Svolgimento del processo
1. La signora M.S. ricorre con tre motivi per la cassazione della sentenza in epigrafe indicata con cui la Corte di appello di Ancona, in accoglimento dell’impugnazione proposta dall’ex coniuge, C.C., ed in parziale riforma della sentenza di primo grado - emessa dal Tribunale di Ancona che, nell’introdotto giudizio di scioglimento del matrimonio contratto tra le parti, aveva riconosciuto alla signora S. un assegno mensile di euro 1.500,00 -, ha respinto la domanda riconvenzionale della ricorrente di accertamento del diritto ad un assegno divorzile nella misura di euro 4.000,00 mensili con decorrenza dalla domanda, e, per l’effetto, rigettato l’appello incidentale. La Corte territoriale ritenuta l’ammissibilità dei nuovi documenti prodotti nel giudizio camerale di appello, celebrato nelle forme proprie dei giudizi in materia di separazione e divorzio, ed apprezzato quanto prodotto nel grado dall’appellante, ha concluso, nell’accertata autosufficienza economica dell’appellata, signora S., per l’insussistenza del suo diritto a percepire l’assegno divorzile.

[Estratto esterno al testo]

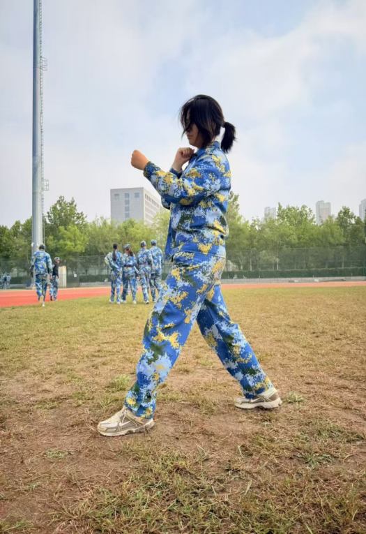 她从不因疲惫降低对自己的要求,迷彩服上的汗渍是他自律的勋章。当班级需要调整队列间距时,她总能第一时间找准位置,成为队伍里的 “定位仪”,用日复一日地守序,为集体荣光筑牢根基。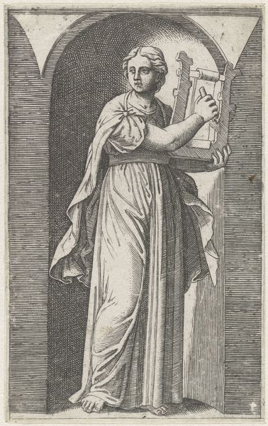 Editor: Here we have "Young Woman with a Lyre Standing in a Niche," an engraving by Marcantonio Raimondi, created sometime between 1511 and 1520. The figure is strikingly classical and yet reserved. I find it curious how contained she appears within the niche, cradling that lyre. What do you make of the framing? Curator: Isn't it interesting? This niche almost feels less like a grand architectural statement and more like... well, a very elegant cage. The figure’s relationship to music is so fascinating here! It is as if she and her lyre are meant to represent Harmony. What are your thoughts on the relationship of the figure and space? Editor: I see what you mean by “elegant cage.” It is interesting to consider that the very thing that should elevate the woman – her talent – confines her in a way. Her shoulders also seems unnaturally broad. Curator: The printing has almost flattened and squared her! Her garment is another striking component of this work; you almost want to touch and test the silk. Notice, however, that this volume of fabric obscures parts of the musical instrument itself. Does it soften her stance, do you think? Does it soften music itself? Editor: The garment does soften the overall form, offering a sense of humility perhaps. But thinking of how carefully she holds the lyre makes me question that a little... There is this sense of protectiveness, as if her artistry is extremely personal and even secretive. It almost demands reverence and respect. Curator: And isn't that such a delicious paradox! A "cage" of her own making... a silk garment which obscures... The beauty, here, resides not just in what Raimondi chose to show us but how the negative space and subtle textural rendering speak just as loudly. And that for me makes this a truly lasting, if enigmatic, composition.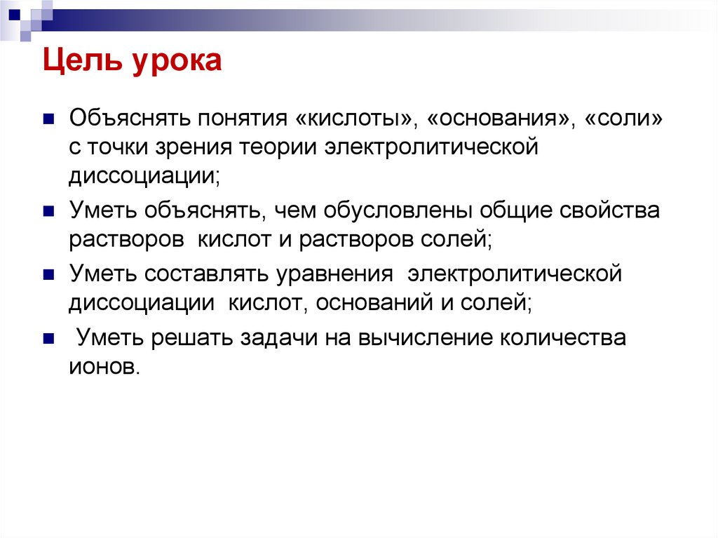 Цель урокаОбъяснять понятия «кислоты», «основания», «соли»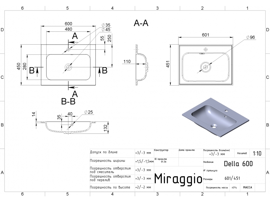 Умивальник Della 600
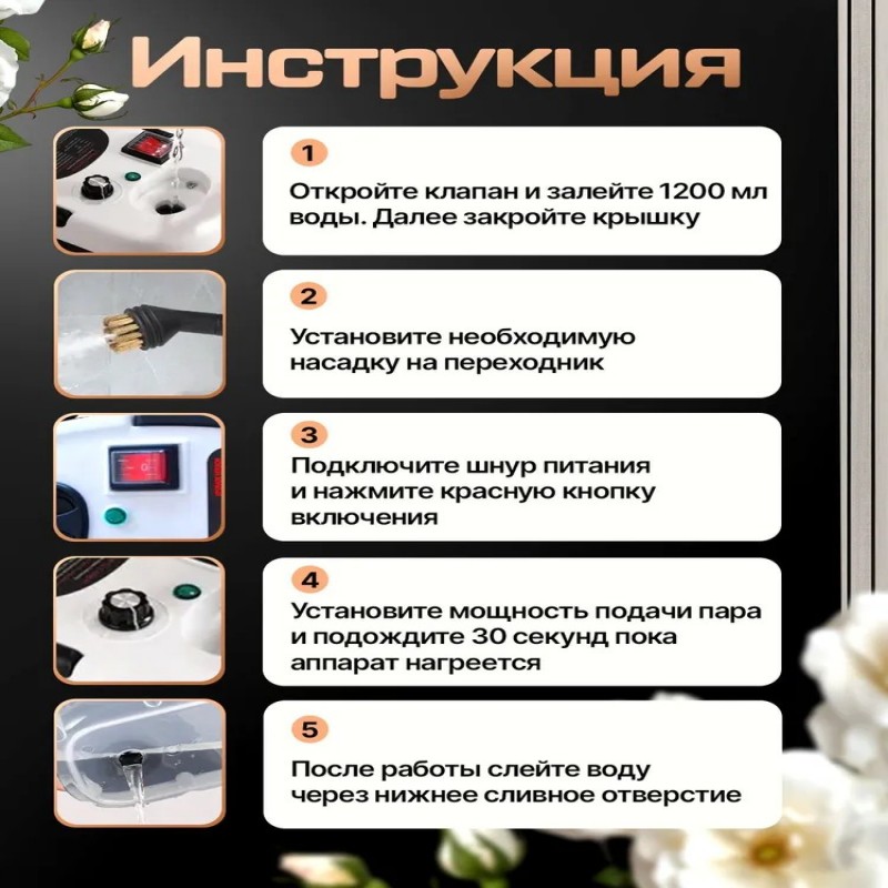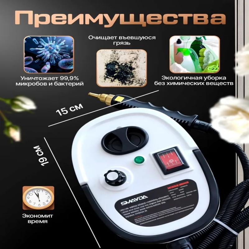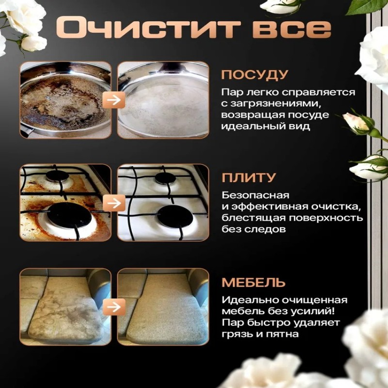 КомплектацияПароочиститель для уборки дома Насадка скребок - 2 Мягкие щетки - 2 Сопло - 1 Угловая насадка - 1 Стальная щетка - 1 Оконный скребок - 1 Салфетка для оконного скребка - 1 Распылитель - 1 Инструкция Фирменная коробка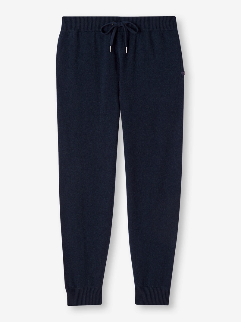 The Finley track pant is perfect in and out of the house, whether you're hitting the slopes, on a country walk or chilling on the sofa. With its elasticated waist, drawstring tie and slip-in side pockets, the aim was to create a garment that looks effortlessly chic but is still as comfortable to slip into as a favourite tracksuit. Our Finley navy men's cashmere track pants have a gradual taper to the leg and a ribbed waistband and ankle cuffs, for a relaxed yet stylish fit. Our philosophy is to use the finest materials and components, paying attention to every detail of construction so that the resulting garment is both comfortable and stylish. The starting point for the Finley was the cashmere - we selected a luxuriantly soft 12 gauge pure Italian cashmere from Cariaggi which we consider to be best in class. Certified by the Health and Textile Association, we use 100% Cariaggi cashmere. Prioritising sustainable practices and producing natural fibres that are environmentally responsible, Cariaggi cashmere is hypoallergenic and gentle on the skin. Touch this fabric and you'll be reminded what cashmere should feel like. The material hangs wonderfully, for a look that's as luxurious as the feel. Keep your cashmere looking its best with our Beechwood Cashmere Comb. The model is 6'1" / 186cm tall. He wears a size Medium. PRODUCT DETAILS Material: Pure Cashmere Fabric Weight: Medium Fabric Type: Jersey Gender: Men's Colour: Navy Pattern: Plain Season: 25-W Country of Origin: Mauritius Composition: 100% Cashmere Fit: Regular Fit Item Number: 3615-FINL010NAV

La Corte di merito ha, nel resto, ritenuto non rilevante, al fine del disconoscimento dell’indicata posta, la produzione della relazione investigativa attestante l’esistenza di una relazione della richiedente l’assegno con un terzo.
2. Resiste con controricorso C.C.. La ricorrente ha depositato memoria ex art. 380-bis 1. Cod. proc. civ.
Motivi della decisione
1. Con il primo motivo la ricorrente fa valere la nullità dell’impugnata sentenza e/o del procedimento per violazione degli artt. 167, 183, sesto comma, e 345, terzo comma, cod. proc. civ., in relazione all’art. 360, primo comma, n. 4 cod. proc. civ., per avere la Corte d’appello ritenuto utilizzabili, ai fini della decisione, i nuovi documenti allegati nel giudizio di secondo grado. Il rito camerale previsto per l’appello nei giudizi in materia di separazione e divorzio non può derogare ai principi propri del rito ordinario, consentendo di sanare decadenze processuali in cui le parti siano incorse nella prima fase del giudizio.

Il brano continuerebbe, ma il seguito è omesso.